Records drawn from a dataset:
_ _ _ _ _
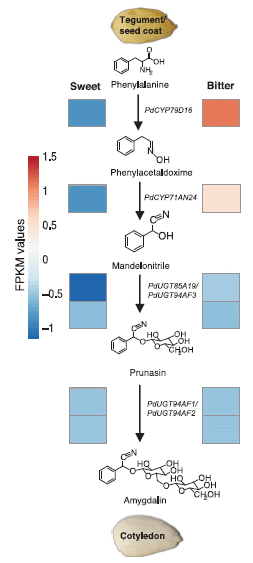 The genes for the enzymes that carry out those steps are all known. What is shown here is the level of those enzymes in the two types of almond. Actually, what is measured here is the level of the messenger RNA for the enzymes; that is often (but not always) usefully related to the enzyme level. That level is shown by the color-coded boxes; there is a color key at the left, labeled FPKM. You can see that the boxes for the last two steps are about the same for the two almond strains. But for the first two steps; the bitter almonds have red boxes, and the sweet almonds have blue boxes. Check the color code, and you see that the sweet almonds have very low levels of the enzymes for the first steps in making amygdalin. This is Figure 2 from the article. |
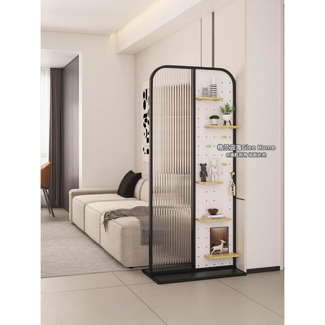 可移動免打孔洞洞板玻璃隔斷奶油風入戶正對門遮擋置物架收納屏風
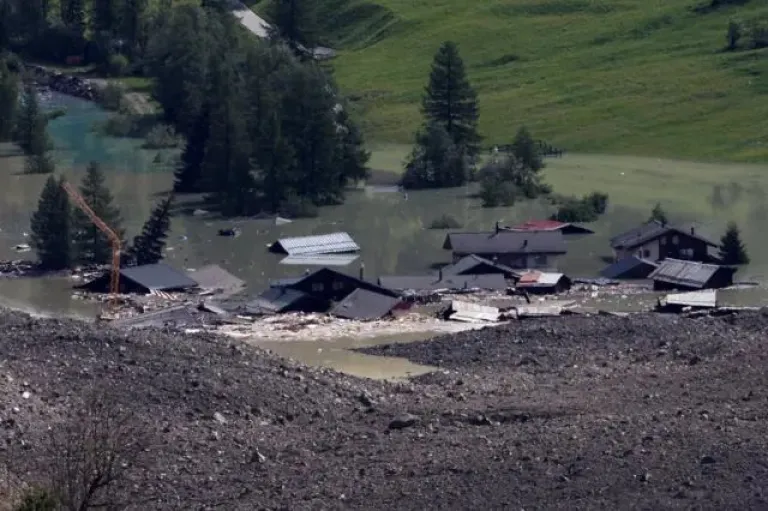 Las impresionantes imágenes que muestran cómo quedó el pueblo suizo sepultado por el derrumbe de un glaciar
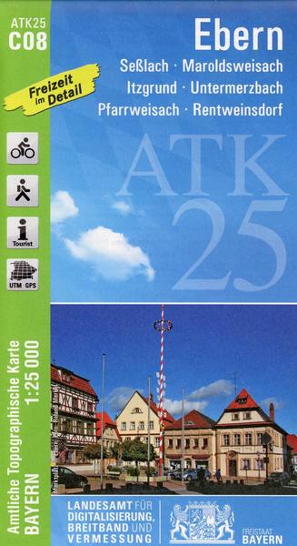 Wer es genau wissen will, greift zur ATK25. Diese Kartenserie im Maßstab 1:25000 bildet mit ihrer detaillierten Darstellung das komplette Verkehrsnetz mit allen Straßen und Wegen ab. 237 Einzelblätter stellen Bayern flächendeckend dar. Ein Kartenblatt umfasst ca. 21 km x 22 km. Was bietet die ATK25? • individuelle Freizeitgestaltung mit allen ausgeschilderten Wander- und Radwanderwegen • sichere Orientierung auch abseits der markierten Routen • umfangreiches Spektrum an Freizeiteinrichtungen und Sehenswürdigkeiten • anschauliche Wiedergabe der Geländeformen Das Kartenblatt enthält u.a. folgende Orte: Ebern, Seßlach, Maroldsweisach, Itzgrund, Untermerzbach, Pfarrweisach, Rentweinsdorf, Coburger Land, Haßberge
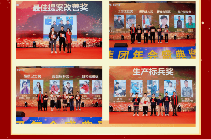 有一种荣耀,是拼搏后的加冕;有一种激励,是榜样的引领。本次年会表彰环节成为彰显宝益科技集团人才实力与发展底色的重要篇章,活动现场重磅颁发生产标兵奖、品质卫士奖、服务标杆奖、财控楷模奖、采购达人奖、工艺工匠奖、研发先锋奖、客户桥梁奖、卓越贡献奖、最佳提案改善奖、卓越领导奖等十余个奖项,覆盖生产、品质、研发、管理、服务等全业务链条。一张张荣誉证书、一座座奖杯,既是对优秀员工与团队过往付出的高度肯定,更是集团重视人才、赋能成长的生动体现。获奖代表们纷纷表示,将以这份荣誉为激励,在岗位上再练真功、再建新功,与企业同成长、共发展。此次表彰不仅树立了全员学习的标杆,更凝聚起“人人争先进、事事求卓越”的奋进力量,彰显了宝益科技精细化管理、全链条提质的硬实力。
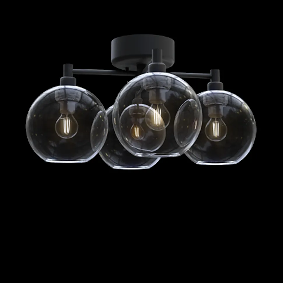 Gloria Plafond är enkel och stilren taklampa med fyra runda lampskärmar i munblåst glas. Den sprider ett mjukt och vackert ljus i rummet och är särskilt designad för att använda vackra filamentglödlampor. Denna plafond passar i de flesta rum och är särskilt lämplig för ditt sovrum. Den är dimbar för att skapa den perfekta atmosfären, och den är enkel att montera med krokupphäng. Observera att ljuskällor inte ingår.
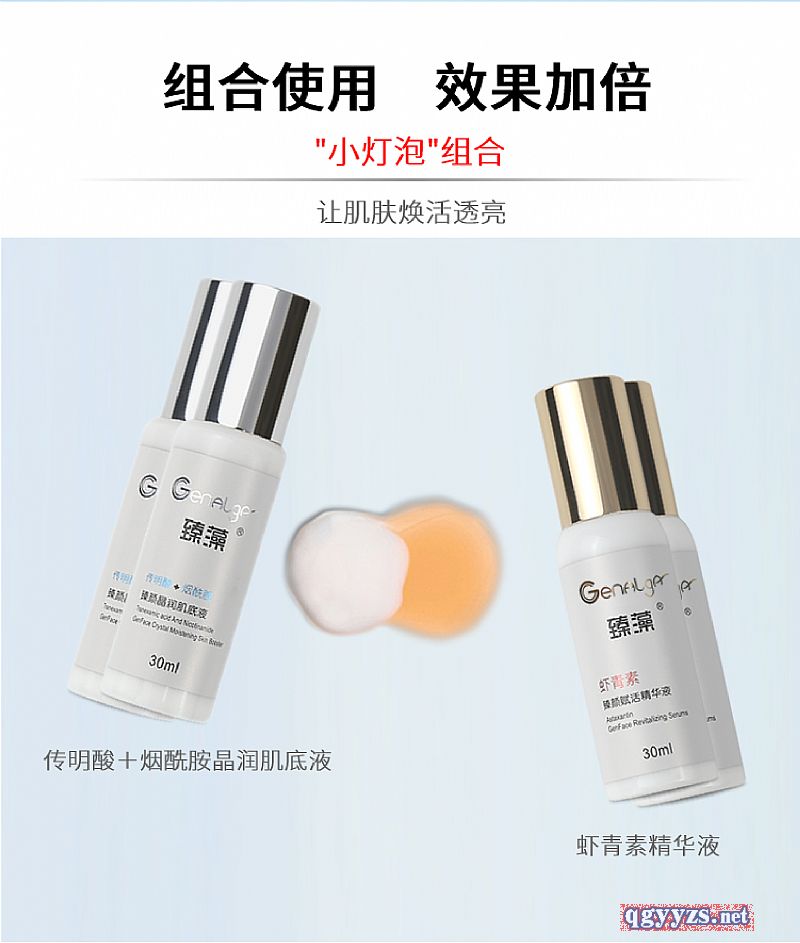 | 產(chǎn)品用途 | 1、改善暗沉——改善暗沉無光,煥亮粉嫩少女。2、淡化痘印——有效淡化痘印,肌膚通透亮澤;3、勻亮膚色——均勻膚色,顯效提亮焦糖臉; |
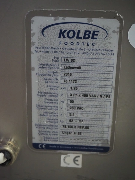 Kolbe grinder, type: LW 82, serial number: 78 1172, year of construction: 2016, 400 V, 3 Ph, 50 Hz, 3.1 A, 1.25 kW, diameter plate: 85 mm, total dimensions: 450 mm x 400 mm x 460 mm.
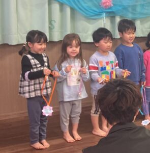在園児から新入園児へプレゼントをお贈りしました。
_ _ _ _ _
Your task -
Your answer should be every line above, written out exactly, with no pictures.

Output for this task -
 The genes for the enzymes that carry out those steps are all known. What is shown here is the level of those enzymes in the two types of almond. Actually, what is measured here is the level of the messenger RNA for the enzymes; that is often (but not always) usefully related to the enzyme level. That level is shown by the color-coded boxes; there is a color key at the left, labeled FPKM. You can see that the boxes for the last two steps are about the same for the two almond strains. But for the first two steps; the bitter almonds have red boxes, and the sweet almonds have blue boxes. Check the color code, and you see that the sweet almonds have very low levels of the enzymes for the first steps in making amygdalin. This is Figure 2 from the article. |
 可移動免打孔洞洞板玻璃隔斷奶油風入戶正對門遮擋置物架收納屏風
 Las impresionantes imágenes que muestran cómo quedó el pueblo suizo sepultado por el derrumbe de un glaciar
 Wer es genau wissen will, greift zur ATK25. Diese Kartenserie im Maßstab 1:25000 bildet mit ihrer detaillierten Darstellung das komplette Verkehrsnetz mit allen Straßen und Wegen ab. 237 Einzelblätter stellen Bayern flächendeckend dar. Ein Kartenblatt umfasst ca. 21 km x 22 km. Was bietet die ATK25? • individuelle Freizeitgestaltung mit allen ausgeschilderten Wander- und Radwanderwegen • sichere Orientierung auch abseits der markierten Routen • umfangreiches Spektrum an Freizeiteinrichtungen und Sehenswürdigkeiten • anschauliche Wiedergabe der Geländeformen Das Kartenblatt enthält u.a. folgende Orte: Ebern, Seßlach, Maroldsweisach, Itzgrund, Untermerzbach, Pfarrweisach, Rentweinsdorf, Coburger Land, Haßberge
 有一种荣耀,是拼搏后的加冕;有一种激励,是榜样的引领。本次年会表彰环节成为彰显宝益科技集团人才实力与发展底色的重要篇章,活动现场重磅颁发生产标兵奖、品质卫士奖、服务标杆奖、财控楷模奖、采购达人奖、工艺工匠奖、研发先锋奖、客户桥梁奖、卓越贡献奖、最佳提案改善奖、卓越领导奖等十余个奖项,覆盖生产、品质、研发、管理、服务等全业务链条。一张张荣誉证书、一座座奖杯,既是对优秀员工与团队过往付出的高度肯定,更是集团重视人才、赋能成长的生动体现。获奖代表们纷纷表示,将以这份荣誉为激励,在岗位上再练真功、再建新功,与企业同成长、共发展。此次表彰不仅树立了全员学习的标杆,更凝聚起“人人争先进、事事求卓越”的奋进力量,彰显了宝益科技精细化管理、全链条提质的硬实力。
 Gloria Plafond är enkel och stilren taklampa med fyra runda lampskärmar i munblåst glas. Den sprider ett mjukt och vackert ljus i rummet och är särskilt designad för att använda vackra filamentglödlampor. Denna plafond passar i de flesta rum och är särskilt lämplig för ditt sovrum. Den är dimbar för att skapa den perfekta atmosfären, och den är enkel att montera med krokupphäng. Observera att ljuskällor inte ingår.
 | 產(chǎn)品用途 | 1、改善暗沉——改善暗沉無光,煥亮粉嫩少女。2、淡化痘印——有效淡化痘印,肌膚通透亮澤;3、勻亮膚色——均勻膚色,顯效提亮焦糖臉; |
 Kolbe grinder, type: LW 82, serial number: 78 1172, year of construction: 2016, 400 V, 3 Ph, 50 Hz, 3.1 A, 1.25 kW, diameter plate: 85 mm, total dimensions: 450 mm x 400 mm x 460 mm.
在園児から新入園児へプレゼントをお贈りしました。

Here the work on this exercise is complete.